In both implementations, median = 0 is a superfluous assignment.

• nums1 & nums2 were not sorted so that's why it was sorted.
– 111
Oct 20, 2022 at 16:45
• All I had to go on was the name of the task ("Median of Two Sorted Arrays") and the function name (findMedianSortedArrays). If it's not the case that the input arrays are already sorted, then my critique is that your function name is misleading. Oct 20, 2022 at 17:08
• The two sorted arrays are sorted separately so when combing them they would not be sorted and hence need to be sorted.
– 111
Oct 20, 2022 at 17:45
• Read my answer carefully. I'm saying that you should be able to take advantage of the fact that the inputs are already individually sorted. Oct 20, 2022 at 18:10

You don't need to merge or sort the arrays. But it all depends on your goal. Assume the lengths of the lists are N and M. As you are leet code, the "correct" answer is likely the complex solution, but in the real world, the simple and balanced solution is what I would reach for 90% of the time.

## Simple

If you want a "reasonable" solution and move on with your life, merge then sort then take the middle is clear, maintainable, and fast "enough" at O((N+M) log(N+M)).

## Balanced

If you care a bit more about performance, you can walk along the two arrays simultaneously, advancing in whichever has the smaller number. When you have consumed half the numbers you are at the median. This is more complex, but doesn't require allocations and is O(N+M) compute time.

## Complex

If you really care about performance and are prepared to write complex code. You can actually be even faster and get down to O(log(N+M)). This will involve playing with the definition of median, thinking what it looks like to have identified the median elements, and then doing something akin to a binary search. Hint, i+j == (N+M)/2, roughly, depending on parity of N+M.

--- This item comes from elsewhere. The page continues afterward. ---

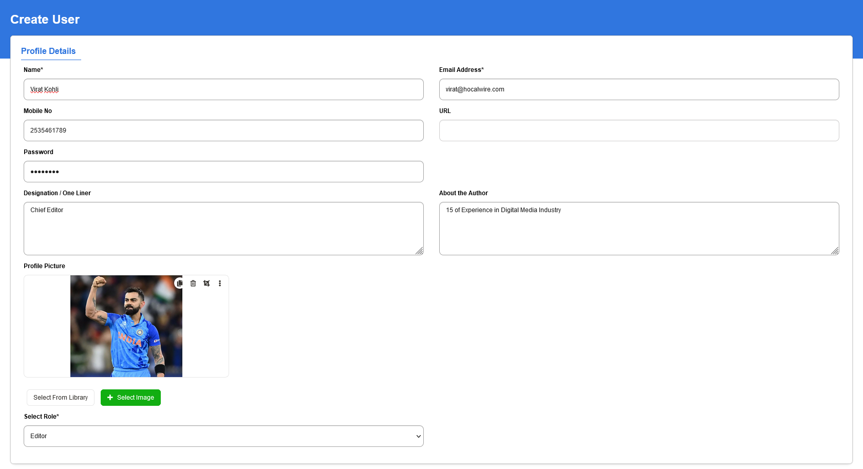 The Create User section lets you add news Users on to the CMS in various roles and assign them to user groups. This is a simple form for which details needs to be entered and the Password can be shared and changed later.

This is more complex, it's harder to maintain, and much more time to work out. But if you need to do this repeatedly, the better asymptotic behaviour (the O() function) might be worth it.

I agree with @200_success that sorting the lists manually would yield faster results. That being said, here's a quick implementation of what that might look like:

def findMedianSortedArrays(nums1, nums2):
l1 = len(nums1)
l2 = len(nums2)
l3 = 1 + (l1 + l2) / 2

# Pad the input with inf to account for edge cases.
# You can technically use try/catch instead if you reeeeeally want
# to be space efficient, but this just feels nicer to me.
first = nums1 + [float('inf')]*(l3-l1)
second = nums2 + [float('inf')]*(l3-l2)
merged = [None]*l3

# Build the first half of the merged list.
# This will be enough to calculate the median.
i = j = k = 0
while k < l3:
if first[i] < second[j]:
merged[k] = first[i]
i += 1
else:
merged[k] = second[j]
j += 1
k += 1

# A slightly more compact way of calculating the median.
median = [(merged[-1]+merged[-2])/2.0, merged[-1]][(l1+l2)%2]
return median


Edit: Including the suggestion to only walk along the first n/2 steps of the merging cleaned this up a fair bit. Also preserved nums1 and nums2 when padding the lists to be merged.

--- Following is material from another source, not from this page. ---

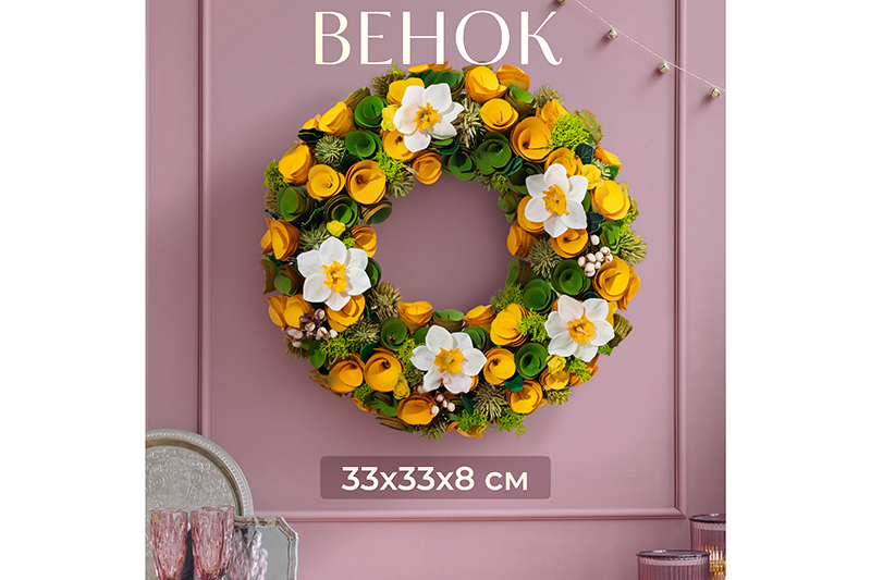 Венок «Солнечное утро» от Elan Gallery станет изящным дополнением вашего интерьера. Размер изделия – 33х33х8 см. Представляет собой композицию из сухоцветов, декоративных цветочков и искусственных веточек. Выполнен в жёлто-зелёных оттенках. Не имеет петельки для подвешивания. Светлая Пасха – один из главных праздников весны! Мы разработали коллекцию сезонных товаров для дома, которые помогут создать радостную и уютную атмосферу в квартире или на даче. Пасхальный декор преобразит домашний интерьер и поможет встретить праздник в кругу любимых. Поставьте его на стол, полку или подоконник, оперев о стенку или окно. Повесьте на дверь, шкаф или свободный крючок, чтобы изделие всегда было на виду и радовало глаз. Сделайте частью праздничного стола, чтобы привнести ощущение чуда. Задействуйте в тематическом оформлении с фигурками, статуэтками и венками. Посадите в его центр пасхальных зверьков: зайчиков, курочек и цыплят. Необычный элемент декора найдёт место в любой части вашей квартиры: в прихожей, гостиной, столовой и спальне. Это изящный и лёгкий способ доставить эстетику любому помещению. В коллекции бренда Элан Галерея вы найдёте множество как ярких, так и нежных декоративных украшений – каждый обязательно подберёт сувенир на свой вкус. Они станут чудесным подарком для родных, близких и коллег. Наполните пространство вокруг себя радостью и весенним настроением! /

• You can improve on this, since we only need the middle one or two values in the merged list, so we can throw away the beginning and end. Do you see how that removes the need for extra storage? Oct 20, 2022 at 10:31
• You don't need a merged list at all; just walk along n/2 steps then use the next one or two items Oct 20, 2022 at 11:37

The core of this question is not to find the median, it is to merge two arrays efficiently.

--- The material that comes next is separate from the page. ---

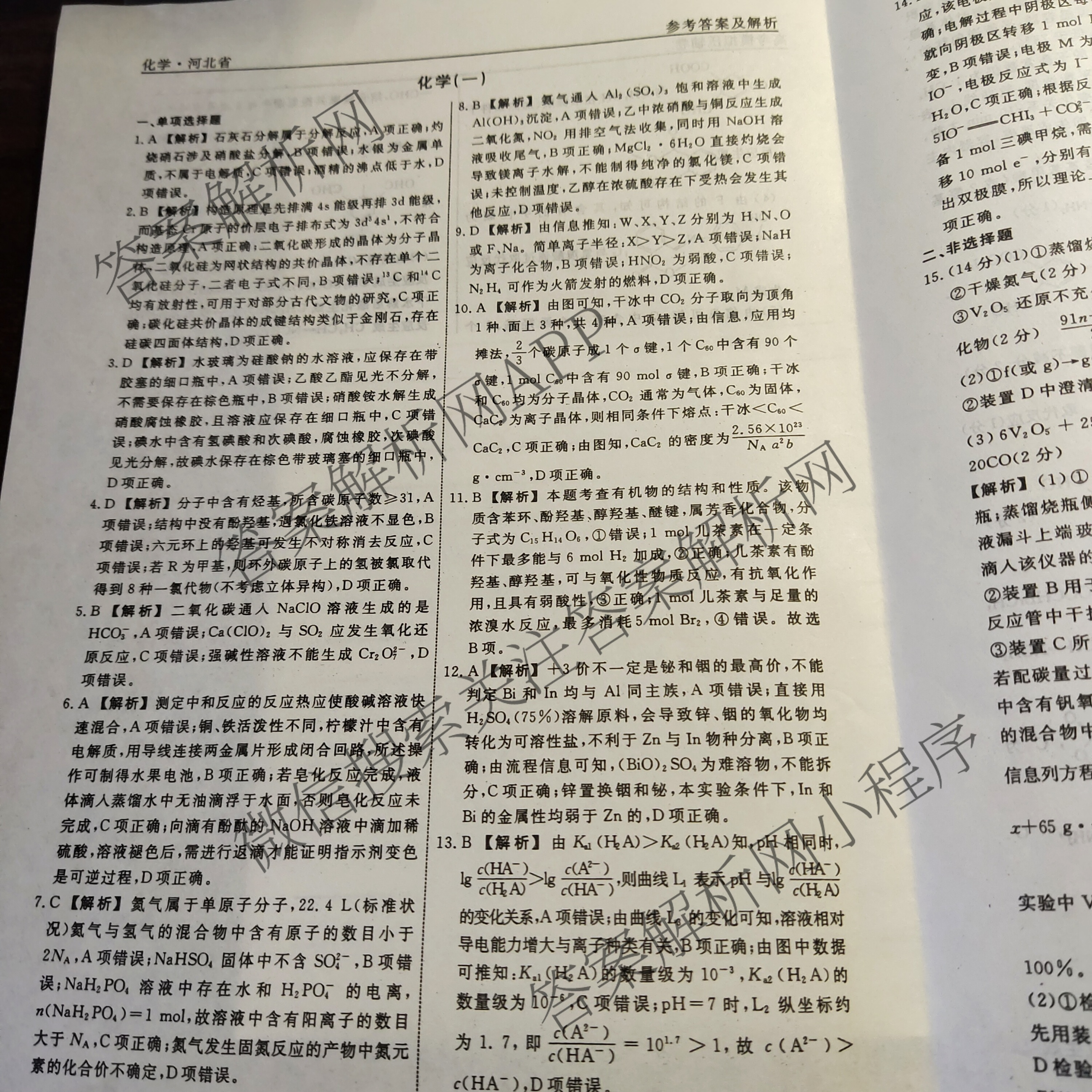 - (衡水名师卷)2023年河北省普通高中学业水平选择性考试模拟试题 高考模拟压轴卷(一)1化学(河北)答案

If the two arrays are already sorted, just use the merge sort and find the median, the time complexity here will be O(n).

For unsorted arrays, the algorithm you use should be case-by-case. There is no perfect sorting algorithm. For example, if the elements inside the arrays are not big, you can use count sort, it will be O(n).

Ps: the sort() function in python is implemented with some black magic, so I only talk about general cases.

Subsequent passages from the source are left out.